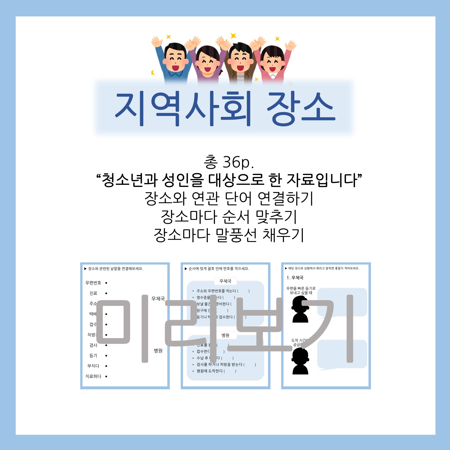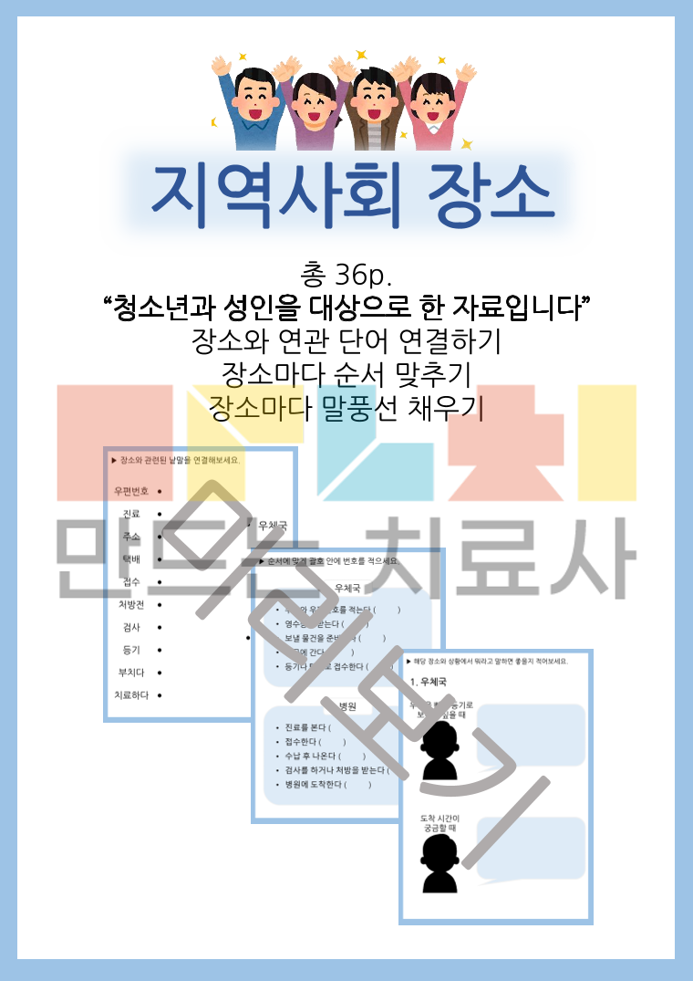 “청소년과 성인을 대상으로 한 자료입니다” 장소와 연관 단어 연결하기 장소마다 순서 맞추기 장소마다 말풍선 채우기
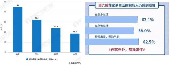 再观发达国家,美国的单身人口占其人口45%,日本32.4%,韩国23.9%。如果按亚洲这两国单身人数比例,未来中国单身人口可能突破4亿。社会前进越快,便有如登山,高处不胜寒,孤独感更加如影随形。更有统计显示,超六成在家乡生活的职场人仍感到孤独。
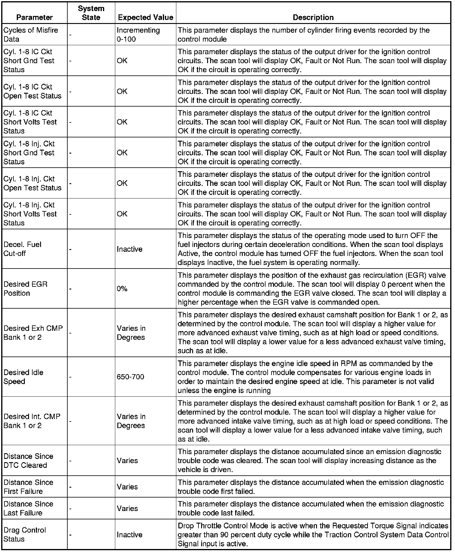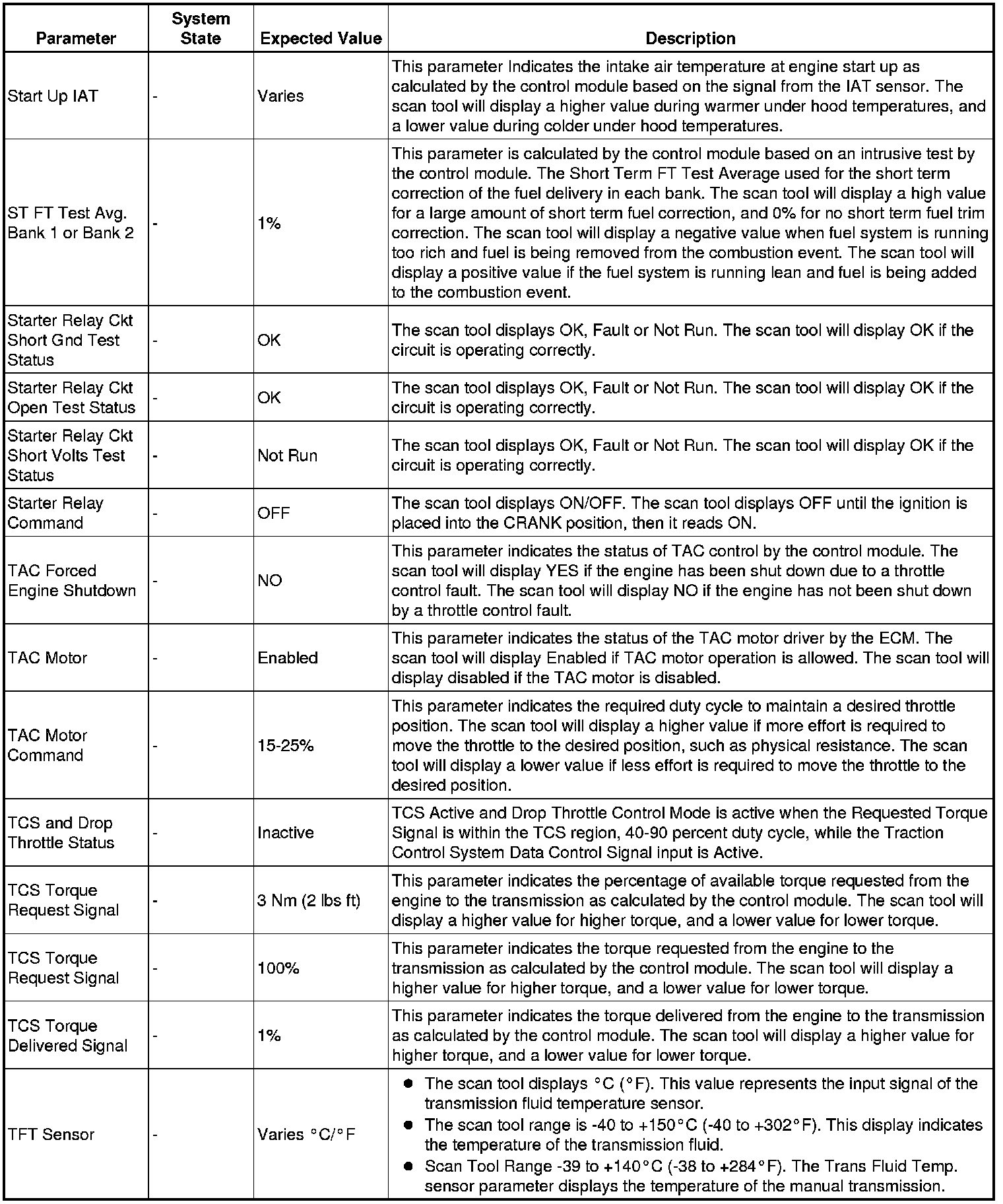 The scan tool values from a properly running engine may be used for comparison with the engine you are diagnosing. The engine scan tool data list represents values that would be seen on a normally running engine.
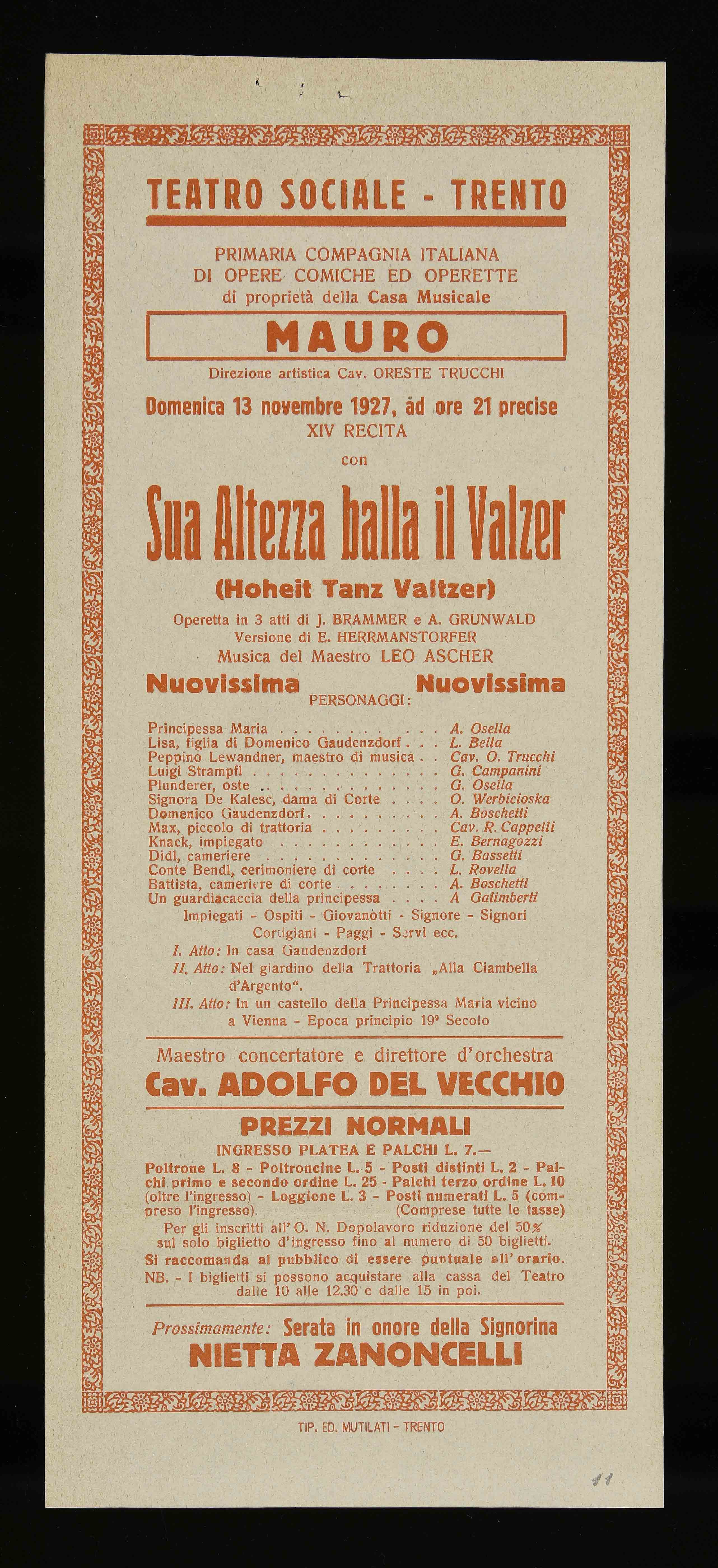 Teatro Sociale – Trento. Domenica 13 novembre 1927, ad ore 21 precise

**Problem to work on**
Once the images are removed, print the remaining data exactly as it appears above.

**The completed task**
 “청소년과 성인을 대상으로 한 자료입니다” 장소와 연관 단어 연결하기 장소마다 순서 맞추기 장소마다 말풍선 채우기
 再观发达国家,美国的单身人口占其人口45%,日本32.4%,韩国23.9%。如果按亚洲这两国单身人数比例,未来中国单身人口可能突破4亿。社会前进越快,便有如登山,高处不胜寒,孤独感更加如影随形。更有统计显示,超六成在家乡生活的职场人仍感到孤独。
 The scan tool values from a properly running engine may be used for comparison with the engine you are diagnosing. The engine scan tool data list represents values that would be seen on a normally running engine.
 Teatro Sociale – Trento. Domenica 13 novembre 1927, ad ore 21 precise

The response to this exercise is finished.